Another example, this time from the medical technology domain, demonstrates the potential of a Linux system supervised by the Linux Safety Monitor: displaying safety-critical information on the same screen as non-safety-critical information. A concrete example would be the vital signs of a patient together with alarm functionality, both of which must be entirely reliable, paired with some convenient information for the medical personal.

The display of safety-critical information cannot be corrupted by non-safety-critical data because the rendering happens in a separate layer that can never be overwritten. Critical data is then only rendered once a final check by the safety-related application has occurred.

These two examples show how the software architecture can be reimagined. Hardware costs will be reduced, although the real leverage lies in the massively reduced complexity of the lifecycle maintenance.

Through the integration of non-safety-critical and safety-critical applications on a single SOC it becomes possible to implement lower latency communication between the applications as well as to use the inherent performance of a Linux system.

Integrated Systems-, Safety-, and Security engineering

Based on cross-domain experience we gathered the last 25 years, we can offer to our customers our contribution to solutions in highly regulated context, especially with a strong focus on functional safety and cybersecurity. Integrating systems-, safety- and cyberscurity engineering ist the foundation for an effective overall design, that balances its design based on supportive but also contradicting requirements on a sound basis. The background at emlix paired with the ability to bring in expertise on functional safety and cybersecurity help, to find proper solutions on different levels of abstraction within architecture and design.

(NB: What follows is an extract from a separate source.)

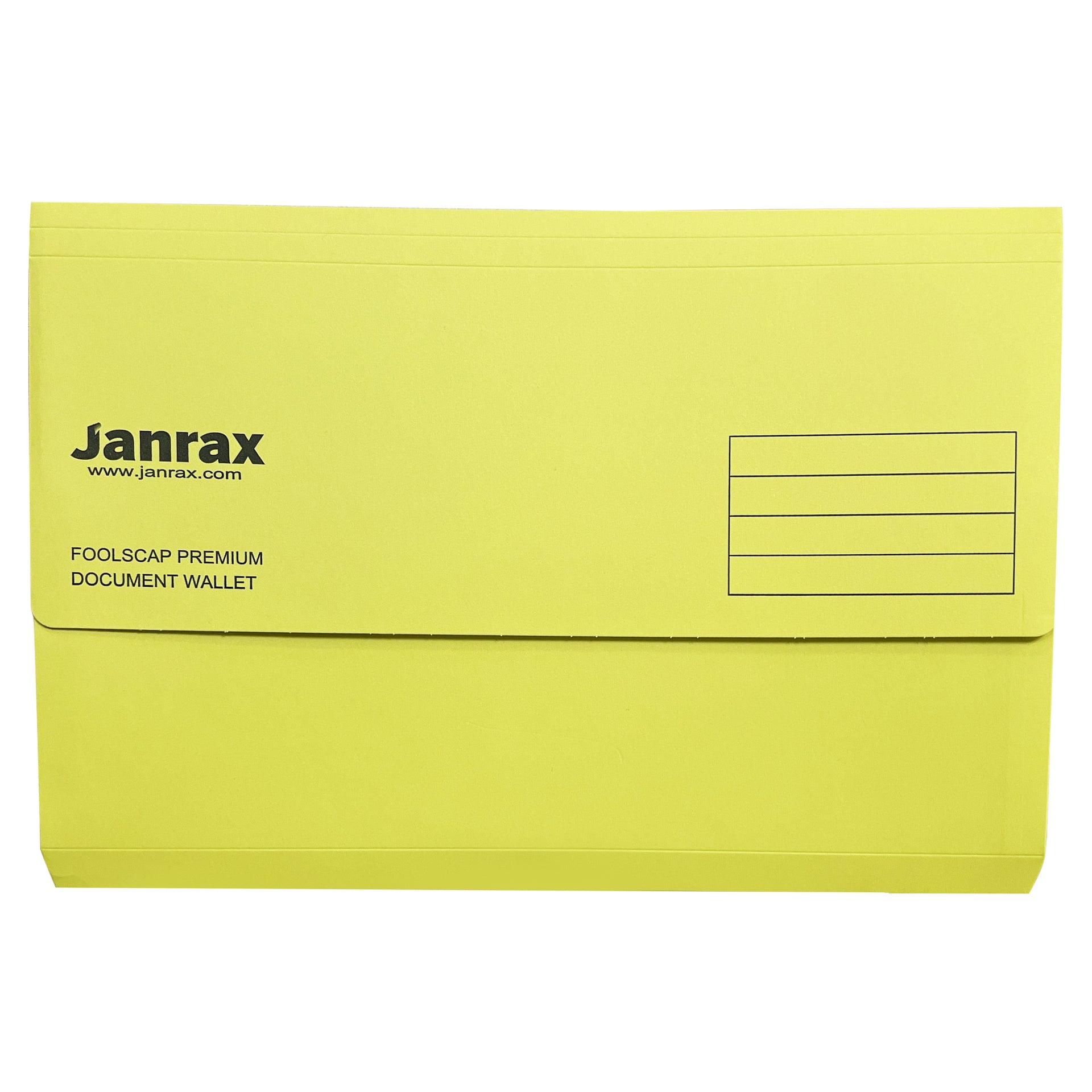 Pack of 10 Yellow Card Premium Foolscap Document Wallets. Keep your documents organised and secure with these premium foolscap document wallets. Measuring 345 x 238mm, they are ideal for storing both A4 and foolscap documents. Crafted from 210gsm premium card, these wallets are designed for durability and long-lasting use. The expandable gusset accommodates up to 250 sheets, making them perfect for large files or projects. A pre-printed labelling panel with guide lines on the front provides a clear, structured space for identifying contents. Available in vibrant colours, these wallets make it easy to sort and organise your paperwork. Stylish and practical, they are perfect for both personal and professional use.

Finding a solution based on assessed building blocks with customer specific adaptations (EN 61508, ISO26262): Based on Linux for safety applications (ref 1, ref 2) and its design for long-term maintainability, we develop safe- and secure solutions based on embedded Linux and specific to our customers’ products

  • for and with our customers.
  • For use in highly regulated context – functional safety and cybersecurity

Engineering along the product life cycle as defined in standards and regulations: Our team does follow the life-cycle model as defined in standards and regulations and aligned with our customers. We support and contribute from the very beginning starting with concept development and along all phases, such as analysis, requirements engineering, architecture and design, implementation, integration and test.

Exemplary services are: 

  • Feasibility and preliminary studies
  • Development of technical concepts based on requirements on functional safety and cybersecurity
  • Support for analysis on safety and cybersecurity
  • Requirements identification, development, analysis and selection
  • Architecting and design
  • Software development, selection and evaluation of open source technologies and configuration
  • Qualification of Software of unknown provenance
  • Creation of project sketches and realization plans
     

Success Story: Elektrobit - Linux for Safe Applications

In April 2024 a completely new approach to run SIL2 safety applications directly on a Linux system has been presented to the public: Elektrobit’s EB corbos Linux for safety applications (EbcLfSA) is the first OS-solution assessed by TÜV Nord to be compliant with safety standards up to SIL2/ASILB and based on embedded Linux. It is suitable for use in ISO 26262 as well as IEC 61508 projects as it can perform safety functions up to SIL2/ ASILB.